The Scenario:
You see a 65 year old man for the first time who is complaining of a 20 pound weight loss, dysphagia, and abdominal pain. His past medical history includes DM2, CAD, OA, Chronic Bronchitis, HTN, GERD and Hyperlipidemia. He takes 8 medications and hasn't seen a doctor in 19 months.
Like I said, 99205 is ONLY for the trainwrecks. There is no way you could even think about upcoding to a 99205. No Way!
I repeat The patient would need to have a severe exacerbation of a chronic problem or an acute illness which threatens life or bodily function to qualify for this level of risk
So let's go through the things that make this different from a 99204 first.
Medical Decision Making (MDM) of High Complexity, that's all.

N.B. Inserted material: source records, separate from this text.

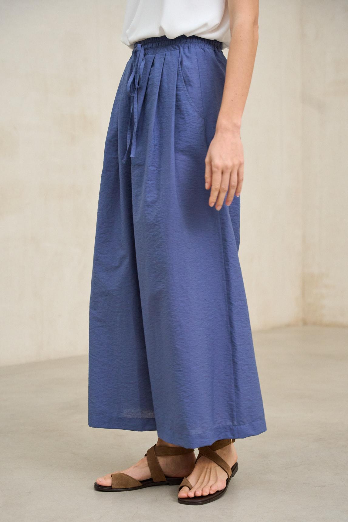 Women's trousers made from a lightweight fabric with a natural-looking crinkled texture, soft to the touch and with a flowing drape. They feature an elasticated waistband with an adjustable drawstring for a comfortable and adaptable fit. Functional side pockets and a wide, straight leg provide freedom of movement and a relaxed silhouette. The dark blue Drift Trousers bring a fresh and contemporary feel to the style. Their deep yet versatile shade serves as an alternative to classic neutrals, easily pairing with off-white, ecru, sand, or even earth tones to create a balanced contrast. They are designed for relaxed spring and summer looks, where comfort and natural aesthetics coexist with understated elegance. Ideal for everyday life, travel or informal plans, it maintains the artisanal character of the Drift model with a more defined and modern touch. We strive to display colors as accurately as possible, but they may vary slightly from reality.
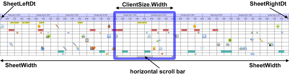 Suppose your data set consist of 25,000 data items spread over ten years. Suppose your current sheet is ten days long and 80 data objecs fall into its range. But as the client area of your control
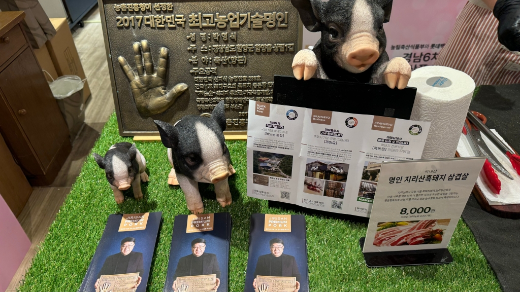 롯백 본점 팝업 행사 경남 뭐시기.. 행사가 어제가 마지막 날이었는데 롯백 본점 팝업은 목요일에 종료 하고 금요일에 새 오픈 하거든요.. 입점 업체에 따라 2주 동안 하는 곳도 있고 보통은 일주일 간 해용.. 그런데 지리산 흑돼지 명인이 키운 버크셔 품질의 흑돼지라는데.. 보시면 8,000원 써있잖아요.. 그런데 냉동 보관중이었는데 냉동 매대에 5,000원 8,000원 이렇게 써있어서..오퐈가.. 팝업 직원 분에게 “저기요 이거 100그램에 5천 원이에요??” 했더니 그 분이 “아뇨!! 한 팩에 5천 원입니다” 하면서.. 그 분도 놀라고 오퐈도 놀라고 왜냐면.. 한 팩에 300그램 이상이던데.. 오퐈 롯백 본점에 제주 흑돈 파는 매장.. 거기서 제주 흑돈 오겹살을 100그램에 8천 원 넘게 주고 사 먹는데.. 물론 15% 디스카운트 해주지만..
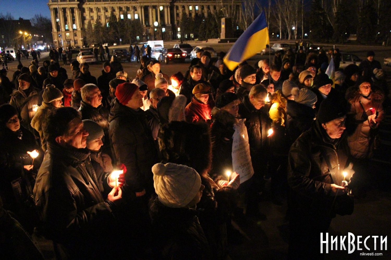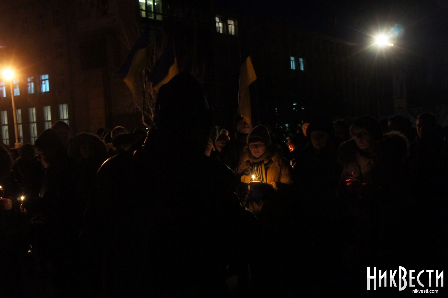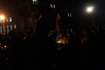 Спустя год николаевцы пришли на то самое место, где собирался Майдан в Николаеве, чтобы с зажженными свечами вспомнить имена тех, кто отдал свою жизнь за новую Украину.
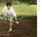 | Mulch is spread in a city park in Atlanta, Georgia |

Nothing Else....
But boy, what a bar you are going to have to meet on this one.
What does high complexity MDM entail?
1. Number of Diagnoses or Management Options must be "Extensive"

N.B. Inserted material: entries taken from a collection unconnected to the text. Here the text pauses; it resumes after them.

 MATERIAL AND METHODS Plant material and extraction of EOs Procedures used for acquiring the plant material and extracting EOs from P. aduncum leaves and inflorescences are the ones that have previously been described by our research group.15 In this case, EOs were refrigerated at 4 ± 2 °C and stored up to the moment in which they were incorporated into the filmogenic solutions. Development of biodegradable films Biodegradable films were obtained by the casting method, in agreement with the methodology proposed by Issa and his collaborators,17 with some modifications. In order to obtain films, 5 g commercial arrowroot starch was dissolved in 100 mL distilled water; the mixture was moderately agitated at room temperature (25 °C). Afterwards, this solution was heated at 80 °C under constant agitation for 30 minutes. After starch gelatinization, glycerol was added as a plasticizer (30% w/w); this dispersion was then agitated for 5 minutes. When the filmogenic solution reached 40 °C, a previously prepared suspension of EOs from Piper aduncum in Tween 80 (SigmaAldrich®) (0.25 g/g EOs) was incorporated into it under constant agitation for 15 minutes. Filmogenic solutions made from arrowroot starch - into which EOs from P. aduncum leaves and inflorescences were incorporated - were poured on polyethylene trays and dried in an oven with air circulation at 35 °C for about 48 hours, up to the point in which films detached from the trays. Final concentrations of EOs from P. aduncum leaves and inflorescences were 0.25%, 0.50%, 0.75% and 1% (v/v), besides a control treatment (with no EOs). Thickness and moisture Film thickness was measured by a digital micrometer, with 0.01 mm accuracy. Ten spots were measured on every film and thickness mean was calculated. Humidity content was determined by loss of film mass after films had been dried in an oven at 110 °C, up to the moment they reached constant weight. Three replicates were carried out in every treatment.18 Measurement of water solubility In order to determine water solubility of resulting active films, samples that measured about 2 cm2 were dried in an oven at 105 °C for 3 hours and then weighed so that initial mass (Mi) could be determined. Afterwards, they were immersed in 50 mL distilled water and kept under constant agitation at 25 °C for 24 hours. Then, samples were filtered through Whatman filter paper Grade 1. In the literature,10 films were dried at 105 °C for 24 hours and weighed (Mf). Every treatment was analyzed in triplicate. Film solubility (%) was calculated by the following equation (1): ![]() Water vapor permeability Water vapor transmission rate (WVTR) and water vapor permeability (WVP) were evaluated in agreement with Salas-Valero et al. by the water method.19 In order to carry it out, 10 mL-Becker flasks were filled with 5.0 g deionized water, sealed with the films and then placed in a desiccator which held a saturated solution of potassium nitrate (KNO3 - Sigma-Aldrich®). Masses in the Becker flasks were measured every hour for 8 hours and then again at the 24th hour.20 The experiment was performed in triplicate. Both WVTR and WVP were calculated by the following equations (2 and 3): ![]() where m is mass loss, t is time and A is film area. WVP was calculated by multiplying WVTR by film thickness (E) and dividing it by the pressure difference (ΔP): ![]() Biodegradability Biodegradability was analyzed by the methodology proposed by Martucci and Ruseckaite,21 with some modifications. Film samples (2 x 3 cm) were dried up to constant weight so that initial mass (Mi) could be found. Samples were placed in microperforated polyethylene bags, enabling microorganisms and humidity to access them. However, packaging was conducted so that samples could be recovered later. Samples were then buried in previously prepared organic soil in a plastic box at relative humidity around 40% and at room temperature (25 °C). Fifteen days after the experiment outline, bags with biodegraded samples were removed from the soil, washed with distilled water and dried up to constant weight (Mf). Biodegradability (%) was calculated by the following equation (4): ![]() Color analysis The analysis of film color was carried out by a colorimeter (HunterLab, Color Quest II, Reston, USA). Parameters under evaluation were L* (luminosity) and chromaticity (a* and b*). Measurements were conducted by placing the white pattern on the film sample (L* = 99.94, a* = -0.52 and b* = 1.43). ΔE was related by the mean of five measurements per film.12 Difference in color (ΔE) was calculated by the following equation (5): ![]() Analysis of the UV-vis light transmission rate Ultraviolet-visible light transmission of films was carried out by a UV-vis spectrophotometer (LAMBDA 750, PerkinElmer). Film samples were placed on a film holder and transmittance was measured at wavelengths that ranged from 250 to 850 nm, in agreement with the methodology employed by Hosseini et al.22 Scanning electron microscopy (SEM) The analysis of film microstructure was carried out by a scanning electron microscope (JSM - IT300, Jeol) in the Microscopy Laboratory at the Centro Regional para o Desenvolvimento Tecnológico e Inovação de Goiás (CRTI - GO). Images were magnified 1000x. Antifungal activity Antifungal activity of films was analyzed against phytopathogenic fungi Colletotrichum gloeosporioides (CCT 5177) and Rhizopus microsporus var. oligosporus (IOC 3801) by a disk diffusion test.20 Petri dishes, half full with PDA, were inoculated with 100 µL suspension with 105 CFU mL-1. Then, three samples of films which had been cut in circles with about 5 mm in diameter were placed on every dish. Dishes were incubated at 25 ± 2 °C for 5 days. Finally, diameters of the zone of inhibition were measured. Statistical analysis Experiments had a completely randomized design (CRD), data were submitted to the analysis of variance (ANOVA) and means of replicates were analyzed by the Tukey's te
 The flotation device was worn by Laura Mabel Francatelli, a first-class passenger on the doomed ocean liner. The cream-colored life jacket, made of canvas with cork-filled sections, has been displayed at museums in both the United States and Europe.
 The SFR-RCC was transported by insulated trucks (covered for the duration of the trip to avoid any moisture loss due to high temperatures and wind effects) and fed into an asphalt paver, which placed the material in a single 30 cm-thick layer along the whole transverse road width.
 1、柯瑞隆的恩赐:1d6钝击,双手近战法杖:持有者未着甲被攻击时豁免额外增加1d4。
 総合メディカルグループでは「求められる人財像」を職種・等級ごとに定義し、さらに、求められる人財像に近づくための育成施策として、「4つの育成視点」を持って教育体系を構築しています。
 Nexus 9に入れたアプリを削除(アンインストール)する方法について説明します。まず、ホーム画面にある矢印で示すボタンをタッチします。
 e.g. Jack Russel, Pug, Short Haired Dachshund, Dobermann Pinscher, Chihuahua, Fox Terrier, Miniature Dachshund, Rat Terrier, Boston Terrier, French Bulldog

2. Amount/Complexity of Data Reviewed must also be "Extensive"
3. Lastly, the Risk of MandM must be high....
We have reviewed these a little before, but let's recap.

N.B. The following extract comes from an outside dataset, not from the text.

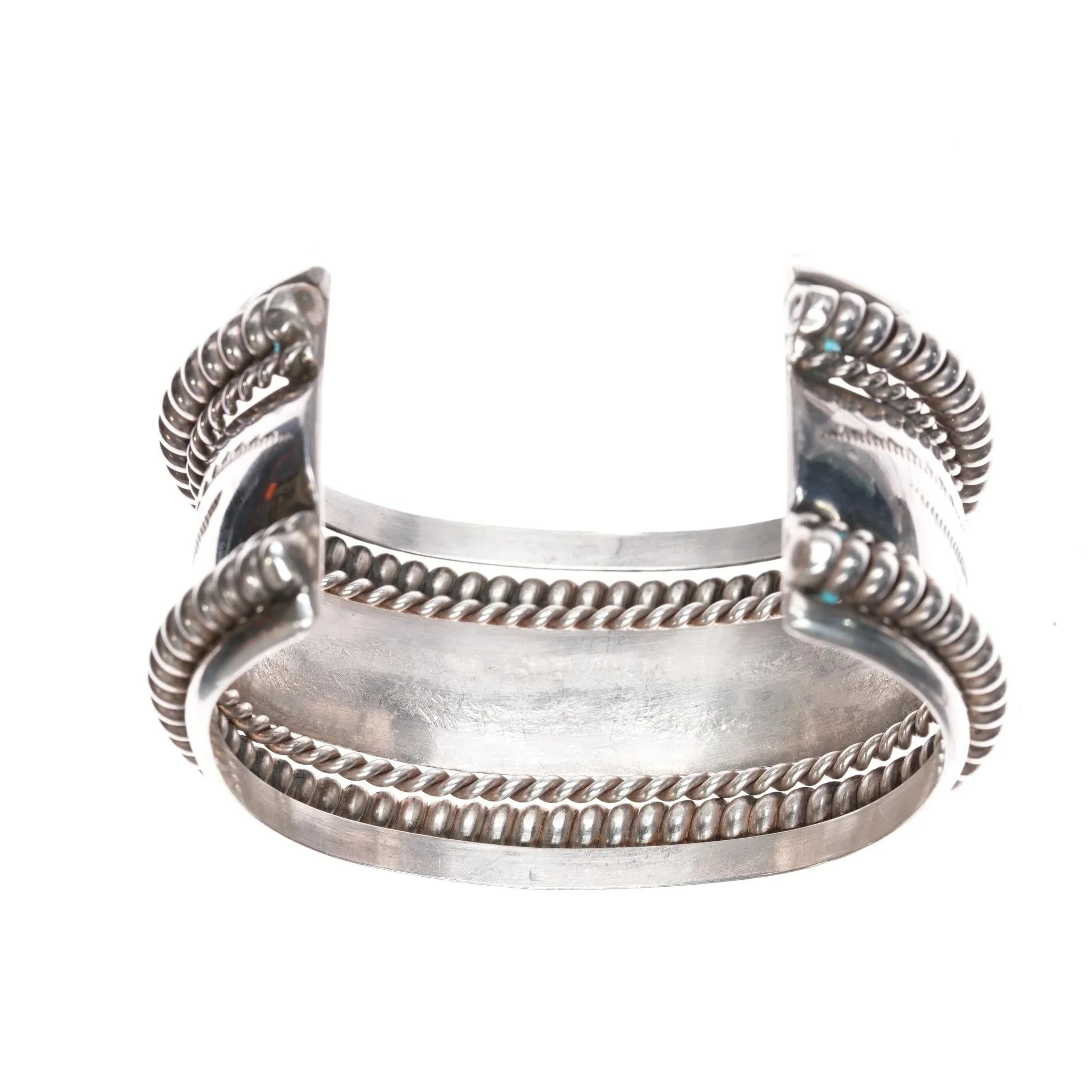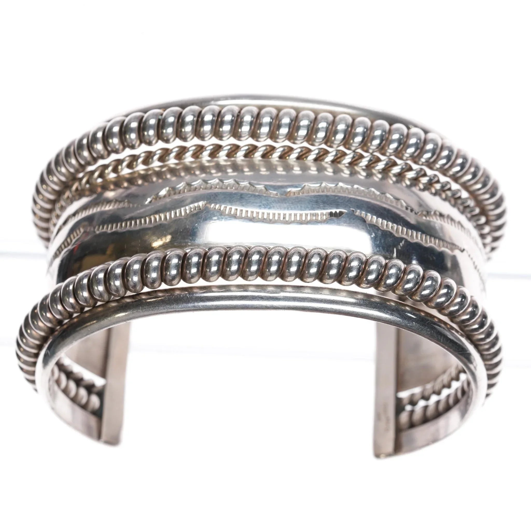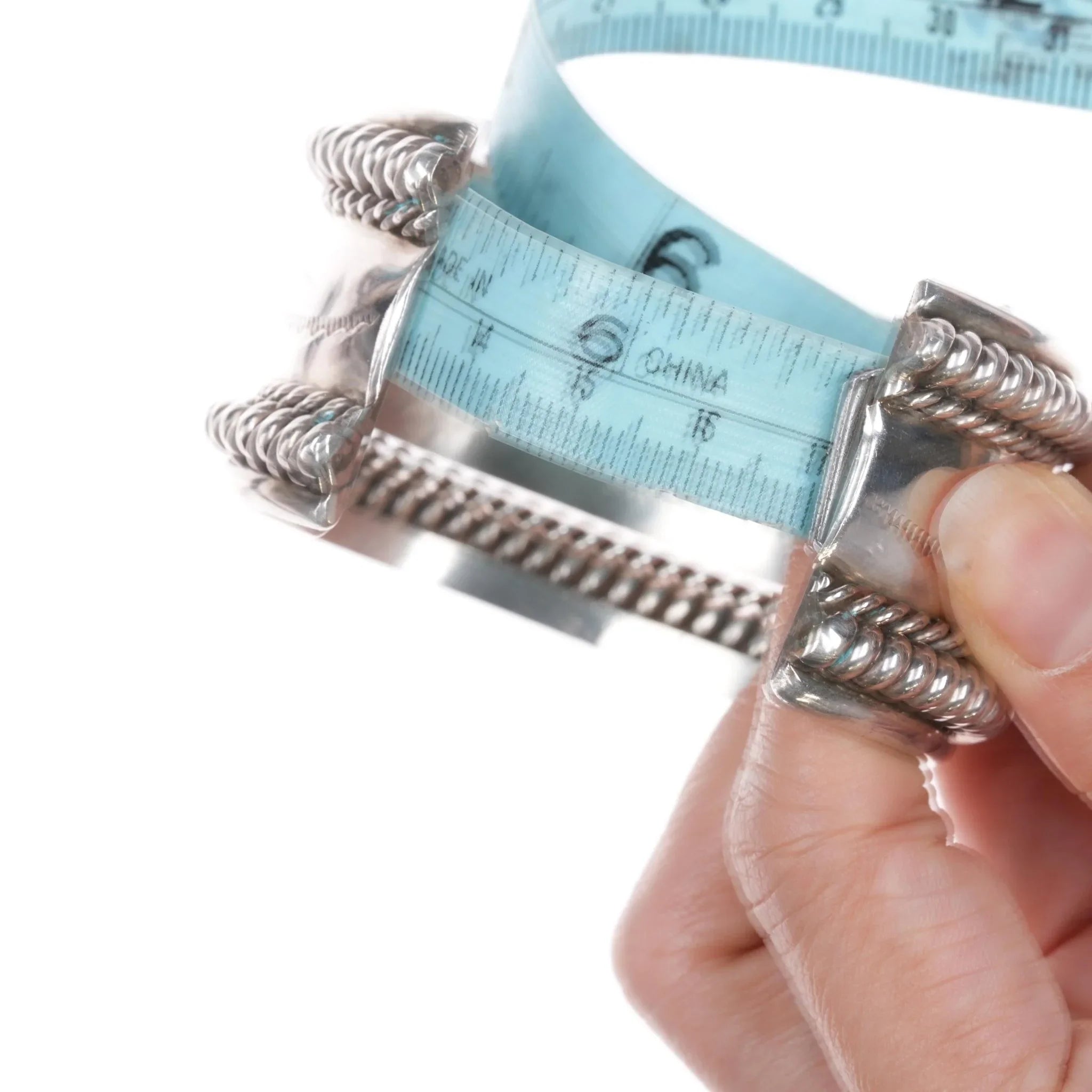 6 5/8" Tahe Heavy Sterling twisted wire wide band cuff bracelet. No issues, weights and measurements in pics. Stamped TAHE and Sterling by the opening, not shown in pics.
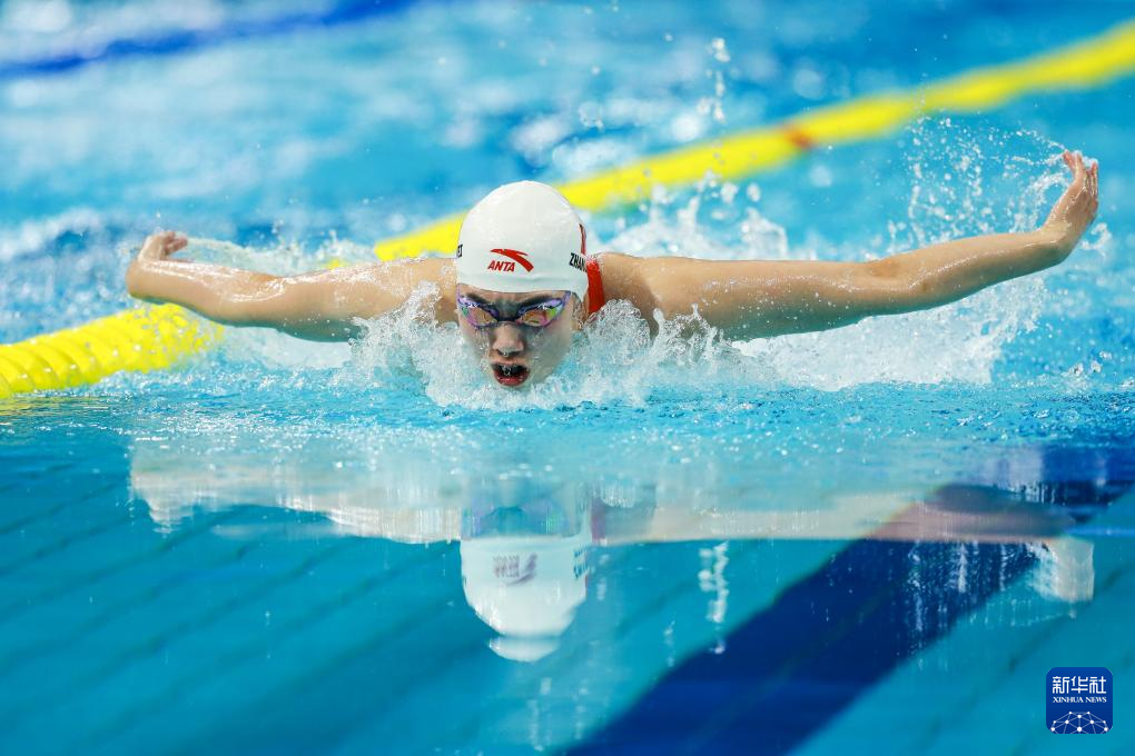 4月19日,江苏卡尔美队选手张雨霏在女子100米蝶泳半决赛中。新华社发(彭志刚摄)

Remember how I said MDM is difficult and is judged by 3 variable?
These Are Also Called:
A. Problem Points-In this case you need 4 points
B. Data Points-For the 99205 you also need 4 points
C. Risk-This has to be HIGH RISK,
High risk essentially means a condition that is placing the patient in IMMINENT threat of their life. I think you know what these are....but for the non-physicians out there let me give you a hint
1. Myocardial Infarction, but not stable Angina
2. Renal Failure, but not Renal Insufficiency
3. Trauma
4. TIA or Stroke
5. Pulmonary Embolism
6. Status Asthmaticus but not mild exacerbation
I think you get where I am going here......
99205 is only for Trainwrecks....I repeat only for Trainwrecks.......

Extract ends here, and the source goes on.